Autonomous Tech Could Ease Lincoln Tunnel Bus Traffic

Traffic on Route 495 to the Lincoln Tunnel in Weehauken, N.J., June 21, 2018.
Traffic on Route 495 to the Lincoln Tunnel in Weehauken, N.J., June 21, 2018.
AP Photo/Mark Lennihan, File

WEEHAWKEN, N.J. (AP) — More buses may be able to travel between New Jersey and New York City through the Lincoln Tunnel with the help of autonomous technology.

The Port Authority of New York and New Jersey on Thursday approved spending $4.8 million to award contracts to two firms to test whether sensors and other technology can shorten the distance between buses and boost speed in the tunnel's exclusive bus lane. The lane handles 1,850 buses carrying more than 70,000 passengers each weekday between 6 a.m. and 10 a.m., the agency said.
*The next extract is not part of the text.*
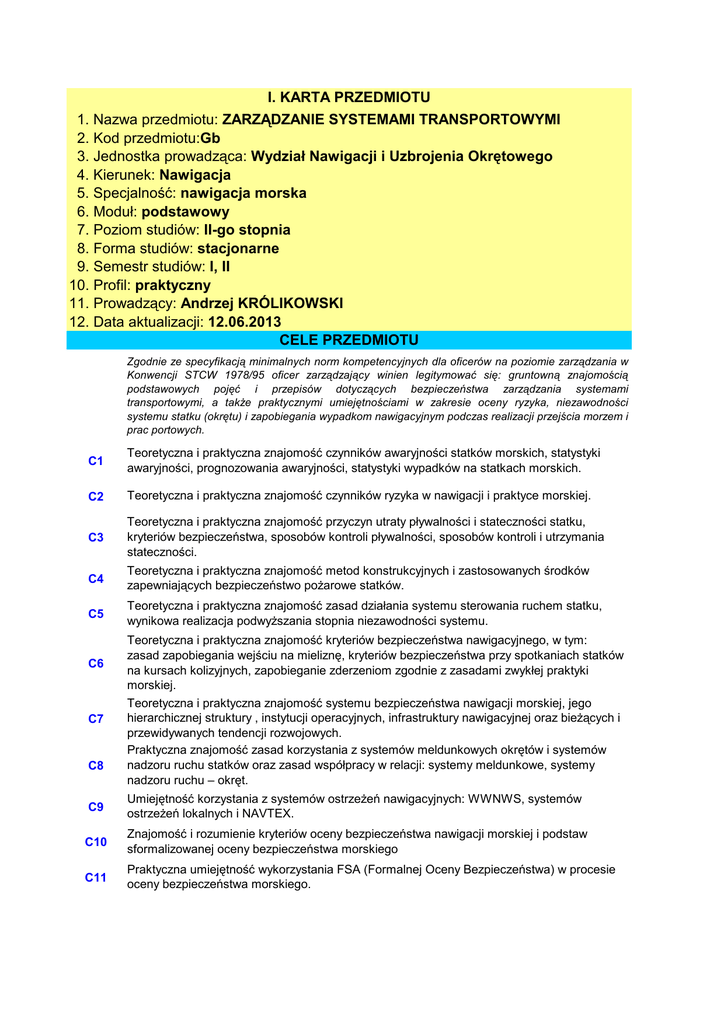 I. KARTA PRZEDMIOTU 1. Nazwa przedmiotu: ZARZĄDZANIE SYSTEMAMI TRANSPORTOWYMI 2. Kod przedmiotu:Gb 3. Jednostka prowadząca: Wydział Nawigacji i Uzbrojenia Okrętowego 4. Kierunek: Nawigacja 5. Specjalność: nawigacja morska 6. Moduł: podstawowy 7. Poziom studiów: II-go stopnia 8. Forma studiów: stacjonarne 9. Semestr studiów: I, II 10. Profil: praktyczny 11. Prowadzący: Andrzej KRÓLIKOWSKI 12. Data aktualizacji: 12.06.2013 CELE PRZEDMIOTU Zgodnie ze specyfikacją minimalnych norm kompetencyjnych dla oficerów na poziomie zarządzania w Konwencji STCW 1978/95 oficer zarządzający winien legitymować się: gruntowną znajomością podstawowych pojęć i przepisów dotyczących bezpieczeństwa zarządzania systemami transportowymi, a także praktycznymi umiejętnościami w zakresie oceny ryzyka, niezawodności systemu statku (okrętu) i zapobiegania wypadkom nawigacyjnym podczas realizacji przejścia morzem i prac portowych. C1 Teoretyczna i praktyczna znajomość czynników awaryjności statków morskich, statystyki awaryjności, prognozowania awaryjności, statystyki wypadków na statkach morskich. C2 Teoretyczna i praktyczna znajomość czynników ryzyka w nawigacji i praktyce morskiej. C3 Teoretyczna i praktyczna znajomość przyczyn utraty pływalności i stateczności statku, kryteriów bezpieczeństwa, sposobów kontroli pływalności, sposobów kontroli i utrzymania stateczności. C4 Teoretyczna i praktyczna znajomość metod konstrukcyjnych i zastosowanych środków zapewniających bezpieczeństwo pożarowe statków. C5 Teoretyczna i praktyczna znajomość zasad działania systemu sterowania ruchem statku, wynikowa realizacja podwyższania stopnia niezawodności systemu. C6 C7 C8 Teoretyczna i praktyczna znajomość kryteriów bezpieczeństwa nawigacyjnego, w tym: zasad zapobiegania wejściu na mieliznę, kryteriów bezpieczeństwa przy spotkaniach statków na kursach kolizyjnych, zapobieganie zderzeniom zgodnie z zasadami zwykłej praktyki morskiej. Teoretyczna i praktyczna znajomość systemu bezpieczeństwa nawigacji morskiej, jego hierarchicznej struktury , instytucji operacyjnych, infrastruktury nawigacyjnej oraz bieżących i przewidywanych tendencji rozwojowych. Praktyczna znajomość zasad korzystania z systemów meldunkowych okrętów i systemów nadzoru ruchu statków oraz zasad współpracy w relacji: systemy meldunkowe, systemy nadzoru ruchu – okręt. C9 Umiejętność korzystania z systemów ostrzeżeń nawigacyjnych: WWNWS, systemów ostrzeżeń lokalnych i NAVTEX. C10 Znajomość i rozumienie kryteriów oceny bezpieczeństwa nawigacji morskiej i podstaw sformalizowanej oceny bezpieczeństwa morskiego C11 Praktyczna umiejętność wykorzystania FSA (Formalnej Oceny Bezpieczeństwa) w procesie oceny bezpieczeństwa morskiego. WYMAGANIA WSTĘPNE W ZAKRESIE WIEDZY, UMIEJĘTNOŚCI I INNYCH KOMPETENCJI 1 Znajomość matematyki i fizyki na poziomie studiów inżynierskich I stopnia. 3 Zaliczenie przedmiotów: zarządzanie systemami transportowymi, bezpieczeństwo nawigacji i ratownictwo morskie w ramach studiów I stopnia. 4 Znajomość nawigacji w zakresie programu przedmiotu Nawigacja I i II EFEKTY KSZTAŁCENIA EK1 EK2 Student posiada teoretyczną i praktyczną znajomość czynników awaryjności statków morskich, umie wykonać obliczenia w zakresie statystyki awaryjności. Potrafi prognozować awaryjność systemu, prawidłowo wyciąga wnioski z danych statystycznych odnośnie wypadków na statkach morskich. Student zna teoretyczne i praktyczne podstawy czynników ryzyka w nawigacji i praktyce morskiej i potrafi je zastosować w działaniu systemu transportowego. EK3 Student zna teoretyczne i praktyczne przyczyny utraty pływalności i stateczności statku, prawidłowo ocenia kryteria bezpieczeństwa, umie zastosować w praktyce sposoby kontroli pływalności, stateczności i ich utrzymania w warunkach zakłóceń pracy systemu transportowego. EK4 Student posiada teoretyczną i praktyczną znajomość metod konstrukcyjnych i zastosowanych środków zapewniających bezpieczeństwo pożarowe statków. EK5 Student zna i rozumie pojęcia dotyczące teorii działania systemu sterowania ruchem statku, umie realizować praktycznie proces podwyższania stopnia niezawodności systemu. EK6 Student posiada szczegółową wiedzę w zakresie teoretycznej znajomości kryteriów bezpieczeństwa nawigacyjnego, w tym: zasad zapobiegania wejściu na mieliznę, kryteriów bezpieczeństwa przy spotkaniach statków na kursach kolizyjnych, zapobieganiu zderzeniom zgodnie z zasadami zwykłej praktyki morskiej i potrafi je zastosować w praktyce. EK7 EK8 EK9 EK10 EK11 Student posiada teoretyczną znajomość systemu bezpieczeństwa nawigacji morskiej, jego hierarchicznej struktury , instytucji operacyjnych, infrastruktury nawigacyjnej oraz bieżących i przewidywanych tendencji rozwojowych. Umie zastosować w praktyce elementy struktury systemu podczas realizacji zadań systemu transportowego. Student posiada praktyczną znajomość zasad korzystania z systemów meldunkowych okrętów i systemów nadzoru ruchu statków oraz zasad współpracy w relacji: systemy meldunkowe, systemy nadzoru ruchu – okręt. Student posiada praktyczną umiejętność korzystania z systemów ostrzeżeń nawigacyjnych: WWNWS, systemów ostrzeżeń lokalnych i NAVTEX. Student zna i rozumie kryteria oceny bezpieczeństwa nawigacji morskiej i podstawy sformalizowanej oceny bezpieczeństwa morskiego oraz umie je zastosować praktycznie podczas zarządzania pracą systemu transportowego. Student posiada praktyczne umiejętności wykorzystania FSA (Formalnej Oceny Bezpieczeństwa) w procesie oceny bezpieczeństwa morskiego w odniesieniu do zarządzania statkiem (okrętem) w ramach systemu transportowego. STRUKTURA PRZEDMIOTU EK1 Forma zajęćwykłady Liczba godzin W1 2 Forma zajęććwiczenia Liczba godzin Forma zajęćlaboratoria Liczba godzin EK2 W2 1 C1 2 EK3 W3 1 C2 2 EK4 W4 1 EK5 W5 1 C3 1 C4 1 C5 2 C6

Bus drivers would still be behind the wheel and could still control their vehicles.

“The Lincoln Tunnel’s ëxclusive bus lane was a groundbreaking innovation when it first opened in 1971 and it remains a key element of the trans-Hudson transit network,” said Port Authority chairman Kevin O’Toole. However, the demand now exceeds the bus capacity it can accommodate, O'Toole said.

Testing would begin off-site beginning next month and the technologies would eventually be demonstrated in the lane during early weekend hours on buses that are not carrying passengers. When the demonstration program ends in 2021, the agency will explore a pilot test of the best technology.